My principle for taocore-human: Operate at Levels 2-3. Report geometric features and behavioral signals with confidence intervals. Do not attempt Levels 4-5.

The temptation is always to climb higher—to say something more meaningful. But meaning without validity is noise dressed up as signal.

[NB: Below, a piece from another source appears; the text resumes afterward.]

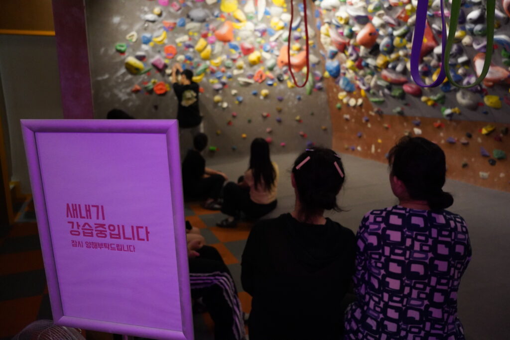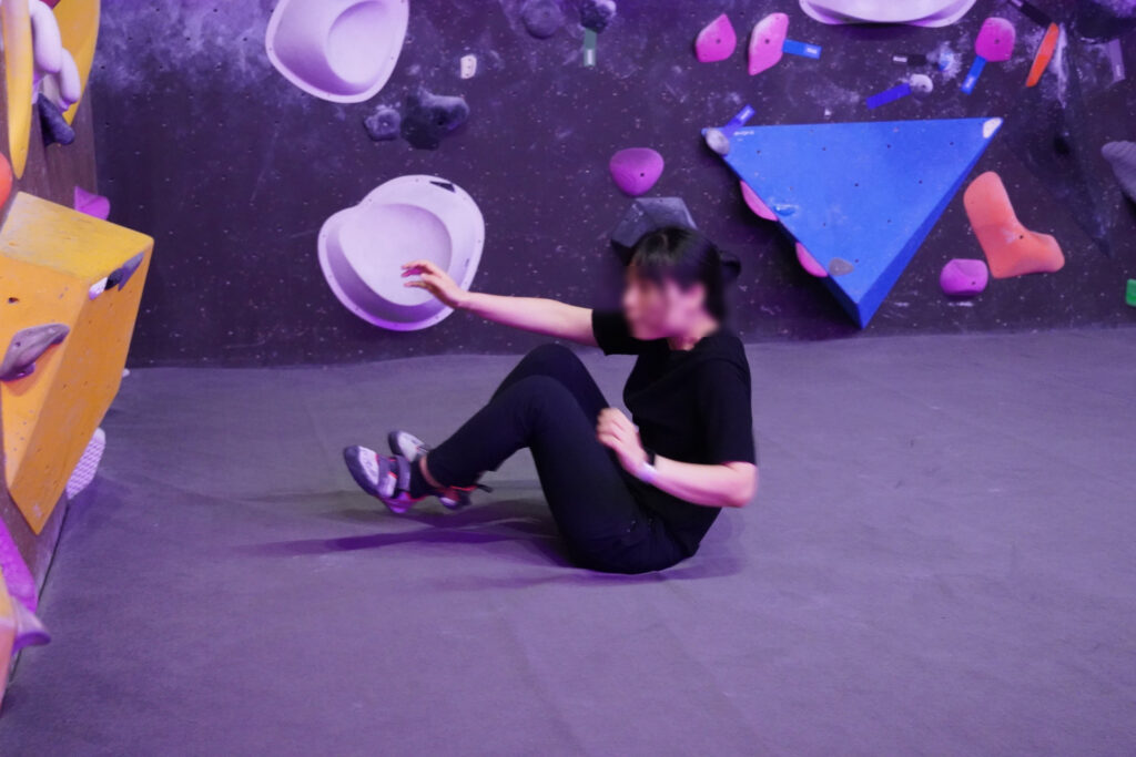 기본을 익히고 나니 이제는 본격적으로 벽을 오를 차례. 그런데 등반을 시작하기 전, 먼저 배운 것은 ‘떨어지는 법’이었습니다. 중심을 잃더라도 안전하게 착지할 수 있어야 하기 때문이죠. 강사님은 “차라리 과감하게 넘어지라”고 강조하시며, 손으로 바닥을 짚으면 오히려 다칠 수 있다고 알려주셨습니다. 대신 패드 위로 무게 중심을 뒤로 옮겨 엉덩이로 착지하는 것이 가장 안전한 방법이라 하셨고, 우리는 그 동작을 여러 번 반복하며 익혔습니다.

What Else Helps Us Understand Ourselves?

Voice and Speech

Paralinguistic features show moderate reliability:

Feature	Task	Accuracy/Correlation
Pitch variation	Arousal detection	r = 0.45-0.65
Speech rate	Stress detection	r = 0.35-0.50
Voice quality	Depression screening	AUC = 0.70-0.80

Data from Schuller & Batliner (2013).

What this means: Voice carries real signal—more than I initially expected. The correlations with arousal and stress are moderate but meaningful. This might be a future direction for taocore-human, though audio raises its own privacy concerns.

Physiological Signals

Signal	What It Measures	Reliability (r with self-report)
Heart rate variability	Arousal/stress	0.40-0.60
Skin conductance	Emotional activation	0.50-0.70
Pupil dilation	Cognitive load, arousal	0.35-0.55

Data from Kreibig (2010) meta-analysis.

What this means: Physiological signals correlate with self-reported states better than facial expressions do. This makes sense—they’re measuring the body’s actual response, not a culturally mediated display. But they require sensors, which limits practical application.

Framework for Ethical Signal Extraction

Based on the data above, here’s how I think about what taocore-human should and shouldn’t do:

Signal Type	Reliability	Should Extract?	How to Report
Face presence/location	High (>90%)	Yes	Bounding box + confidence
Facial landmarks	Moderate-High (85-95%)	Yes	Points + NME estimate
Body pose	Moderate (65-80%)	Yes	Skeleton + PCK confidence
Facial AUs	Variable (38-92%)	Selective	Only high-reliability AUs
Emotion labels	Low (<60%)	No	-
Gender	Biased (65-99%)	No	-
Race	Invalid construct	No	-
Age	Moderate (±5-8 years)	With uncertainty	Range, not point estimate

Conclusion: What I’ve Learned

Working through this literature has clarified my thinking:

Geometric signals are trustworthy. Where faces are, how bodies are positioned—these are measurable with reasonable accuracy.
Behavioral signals require humility. AUs and pose configurations can be detected, but what they mean depends on context we often don’t have.
Psychological inferences are overreach. The emotion recognition industry is built on shaky foundations. I don’t want to contribute to it.
Identity categorizations are harmful. Race and gender classification encode social constructs as biological facts. They should not be built.

The goal of taocore-human is not to understand people. It’s to describe observable patterns while being honest about what remains unknown. The data tells us clearly: most of what matters about a person is not visible on the surface.

References

Albiero, V., et al. (2020). Analysis of gender inequality in face recognition accuracy. IEEE/CVF WACV Workshops, 81-89.

Barrett, L. F., et al. (2019). Emotional expressions reconsidered. Psychological Science in the Public Interest, 20(1), 1-68.

Buolamwini, J., & Gebru, T. (2018). Gender shades. FAT, 77-91.

Cao, Z., et al. (2019). OpenPose. IEEE TPAMI, 43(1), 172-186.

Deng, J., et al. (2020). RetinaFace. IEEE/CVF CVPR, 5203-5212.

Ekman, P., & Friesen, W. V. (1978). Facial Action Coding System. Consulting Psychologists Press.

Goffman, E. (1959). The Presentation of Self in Everyday Life. Anchor Books.

Hill, K. (2020). Wrongfully accused by an algorithm. The New York Times, June 24.

James, W. (1890). The Principles of Psychology. Henry Holt.

Kreibig, S. D. (2010). Autonomic nervous system activity in emotion. Biological Psychology, 84(3), 394-421.

Ricanek, K., & Tesafaye, T. (2006). MORPH. FG, 341-345.

Rothe, R., et al. (2018). Deep expectation of real and apparent age. IJCV, 126(2-4), 144-157.

Schuller, B., & Batliner, A. (2013). Computational Paralinguistics. Wiley.

Sun, K., et al. (2019). Deep high-resolution representation learning. IEEE/CVF CVPR, 5693-5703.

Zhang, K., et al. (2016). MTCNN. IEEE SPL, 23(10), 1499-1503.

Zhang, X., et al. (2014). BP4D-Spontaneous. Image and Vision Computing, 32(10), 692-706.